What right do I have if my industry demands that all the communication in my world must be expressed in under 30 seconds or under 30 words? Perhaps it is that discipline that, as an ordinary viewer, I feel bereft: I miss entertainment where the story has characters you root for. Where the attitude can be arrogant without having to resort to foul language or gross events. Where the second installment is astonishingly better than the first. And when I hope I don’t catch myself, once the curtain goes down or the screen goes black, thinking with mounting sadness that “there goes another two hours I can never get back.”

Every generation has its creatives who have dominated and defined the artists' craft for that audience -- but why can't our current generation have comedy and drama that is sometimes more enriching, not always so denigrating? Why can't we see amazing visuals, digest complex stories and have access to high quality productions that aren't just "risk taking shows" at premium cable networks? When will we use the words "breakthrough or groundbreaking" when the standards are really raised, not just compared to the rest of the art that's already compromised?
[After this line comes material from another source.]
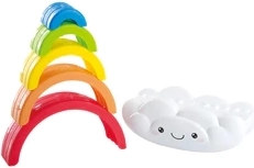 Deze schattige puzzel in de vorm van een regenboog met wolkje is een ideale eerste speelset voor vaardigheidsontwikkeling. De felle kleuren trekken kinderen natuurlijk aan en motiveren hen om vormen en groottes te ontdekken. Tijdens het stapelen van de bogen oefenen ze hun greep, hand-oogcoördinatie en geduld.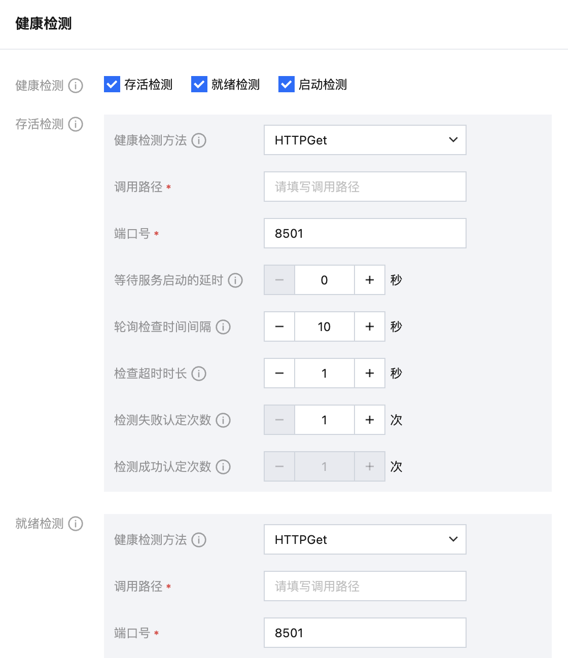 等待服务启动的延时 | 容器启动后,等待多久开始第一次检测。请根据应用启动时间设置,避免因应用尚未启动而误判 | 如:30-60秒,给应用足够的启动时间,避免误判 |

I don't get it and I hate feeling old or cynical about it. I am especially embarrassed, when advertising agencies and advertisers are accused of supporting this level of entertainment quality in order to reach the greatest (or depending on your perspective, the lowest) common denominator for the greatest reach and broadest target audience. How else will 7-11 market the Hangover Part II cups?

At the end of the day, it is my belief that there is too little creative and artistic entertainment at this time that moves us -- creative that could benefit advertisers and viewers alike.  Too bad that there are too few entertainment vehicles that take our breath away and just too many that have us gasping for air.